Julie Gayet… Nous pourrions parler de la pièce dans laquelle vous jouez présentement aux Bouffes Parisiens, Rabbit Hole, mais je ne l’ai pas encore vue. Je pourrais faire semblant. Après tout, un de mes amis a vu la pièce à Aix-en-Provence et m’en a beaucoup parlé (il voudrait d’ailleurs passer le bonjour à Lolita Chammah qu’il n’a pas du tout trouvée en force ce soir-là…), j’ai vu le film de John Cameron Mitchell avec Nicole Kidman… J’étais pourtant invité à assister à la représentation de ce mercredi 6 février, à rencontrer l’équipe artistique en compagnie de blogueurs comme moi. Malheureusement des circonstances qui n’ont rien à voir avec le théâtre m’ont obligé à m’éloigner de Paris pour quelques jours.

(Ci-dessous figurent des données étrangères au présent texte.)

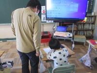 1年生は冬休みの思い出を絵日記にしています。短い冬休みでしたが、遊んだこと、お手伝いしたこと、勉強したこと、出掛けたことなど、楽しかった思い出をますいっぱいにたくさん文章を書いています。文章が完成したら色鉛筆で絵を描き始めました。
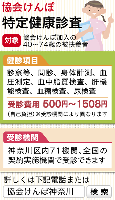全国健康保険協会(協会けんぽ)では、加入者の家族向けの特定健康診査を費用の一部を負担して実施している。特定健康診査とは、脳卒中などの病気につながる糖尿病など、生活習慣病の原因となるメタボリックシンドロームに着目した健診。健診後は必要に応じて保健師等による保健指導が無料(神奈川県内、他県はHP要確認)で受けられる。対象者は同協会加入の40歳から74歳の被扶養者(家族)。県内約2600の健診機関で受診でき、費用のうち6325円を協会が補助。県内では500円から1508円(上限)の自己負担で受診できる。対象者には受診券が送付されているが、受診券がない場合は同協会まで連絡を。保険証の保険者名称が「全国健康保険協会」となっていれば受診できる。また健診機関により被保険者と同じ生活習慣病予防健診(特定健診項目以外に胸部胃部レントゲン検査など)が特別価格で受けられるので相談を。

Je vous écris donc de… Marseille.

Coïncidence, puisque, si je vous avais croisée, j’aurais osé vous adresser la parole (si… si…) et vous aurais parlé de cette ville si chère à mon coeur. Marseille… car nos chemins se sont croisés dans la cité phocéenne, comme on dit, il y a de cela vingt-deux ou vingt-trois ans, je ne parviens pas à remettre la main sur mon billet de théâtre pour la pièce « Les Abîmés », vue au Théâtre de la Criée.

Remettons-nous dans le contexte (tout ce que je vais écrire ici est vrai) !

Je m’appelle Axel, j’ai dix-sept ans et je suis en terminale L au Lycée Michelet à Marseille. Nous sommes en 1996 ou 97. Je suis en option théâtre et le lycée a un partenariat avec le Théâtre National de la Criée, grâce auquel, notamment, nous avons pu assister aux répétitions des pièces de Gildas Bourdet. Notre professeure de français nous annonce que nous irons voir la pièce de Michael Cohen « Les Abîmés » avec lui-même, Serge Hazanavicius (le frère de Michel), Emmanuelle Lepoutre et vous-même. Certains ne vous connaissaient que par « Delphine 1 – Yvan 0 », moi, je vous avais vue dans le film de Laurent Bouhnik « Select Hotel ».

Acte I : Le spectacle. On voit le spectacle, ça nous plait, on applaudit (pour être honnête, mis à part le personnage d’Hazanavicius qui dort sous la table au début de la pièce, je ne me souviens aujourd’hui de rien d’autre), on est un peu jaloux du gars devant nous qui s’est levé et à qui vous avez souri. Après la pièce, notre professeure fait les présentations : vous êtes les artistes, nous sommes les lycéens, rendez-vous la semaine prochaine au lycée pour une rencontre-discussion.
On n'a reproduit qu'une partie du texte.